A matter of passive or active investing

University of Kentucky Law School professor Alan J. Kluegel agreed that Musk’s new ownership in Twitter, alone, shouldn’t alter the New York court’s decision.

He did note, though, that how the SEC responds to Musk’s Twitter holdings may depend on the Tesla CEO’s role as an active investor versus a passive one.

“The law clearly allows investors to make such a change [from passive to active],” Kluegel told Yahoo Finance. Still, he said, the change requires Musk to publicly file with the SEC as an active investor and to observe a cooling off period, during which he is prohibited from making acquisitions of new shares and from casting votes on his shares.

Chester Spatt, former chief economist for the SEC and professor of finance at Carnegie Mellon University’s Tepper School of Business, suspects that Musk has undermined his posture towards the SEC by giving it and the public late notice of his stock accumulation.

“I think it further weakens his position,” Spatt told Yahoo Finance. “I think that’s a big deal under the circumstances of his already being on a short leash. I can imagine that the commission pursues that.”

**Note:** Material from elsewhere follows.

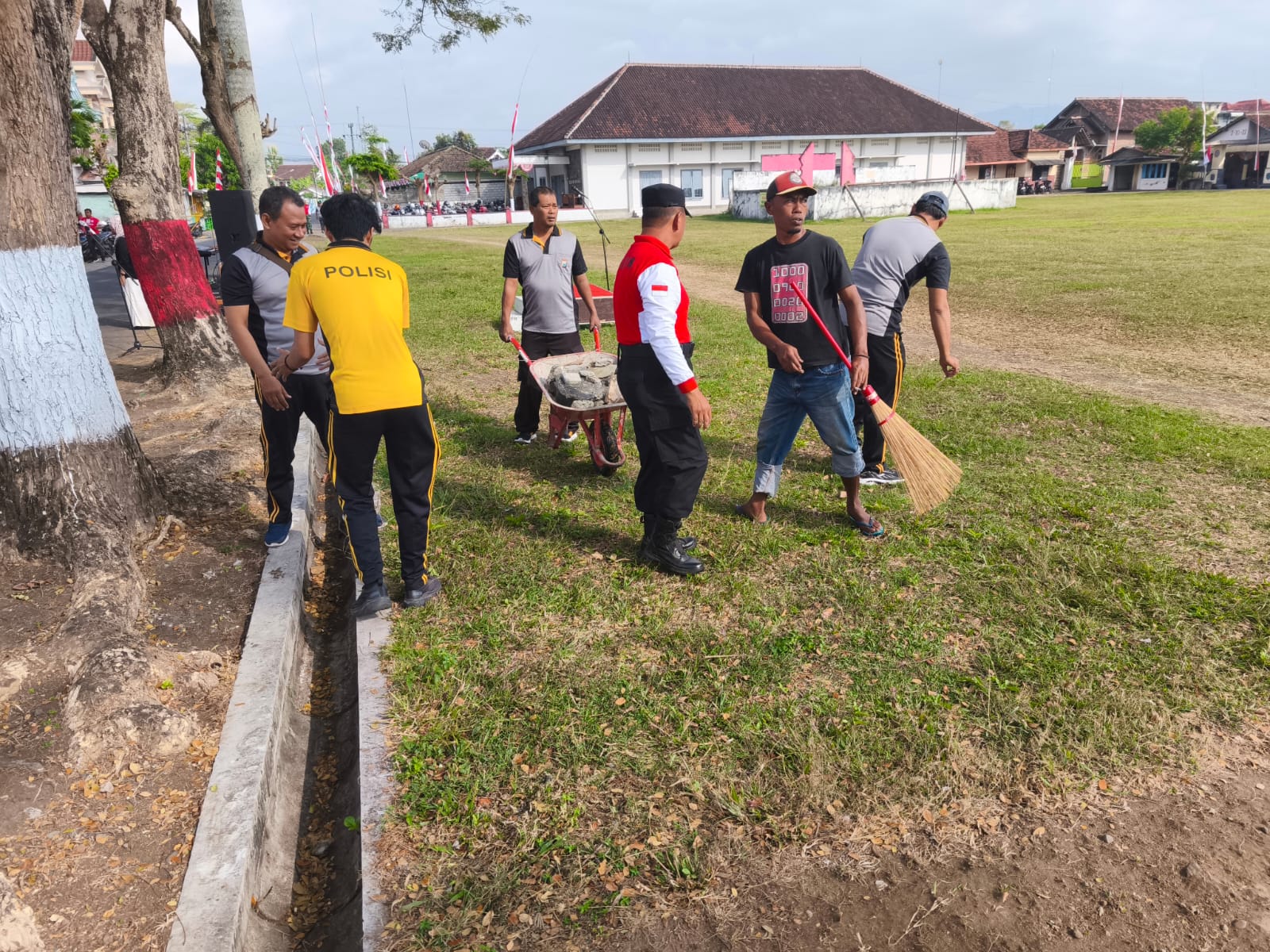 Dengan semangat gotong royong, seluruh peserta kegiatan membersihkan sampah, merapikan rumput, serta memastikan lapangan siap digunakan untuk upacara pada tanggal 17 Agustus mendatang.

On the other hand, he says, Musk exposed shareholders’ lack of faith in the company’s management, evidenced by the rally that his interest in the company produced in Twitter’s stock price.

Spatt and Kluegel agreed that even as a purported passive investor, Musk’s ownership interest created active-type effects.

Usually, investors file as passive investors so that they can continue buying up shares without pushing up a company’s stock price, Kluegel said, but in this case, “the price spike occurred even with the passive filing, indicating that the market doesn’t really believe Musk’s stated intentions.”

Spatt added that “usually even a takeover bid doesn’t produce this type of valuation response. And that’s to Musk’s credit.” At the same time, he added, Musk’s failure to comply with the SEC’s deadline opens another problematic door: “I would doubt you can thumb your nose at a regulator quite like that.”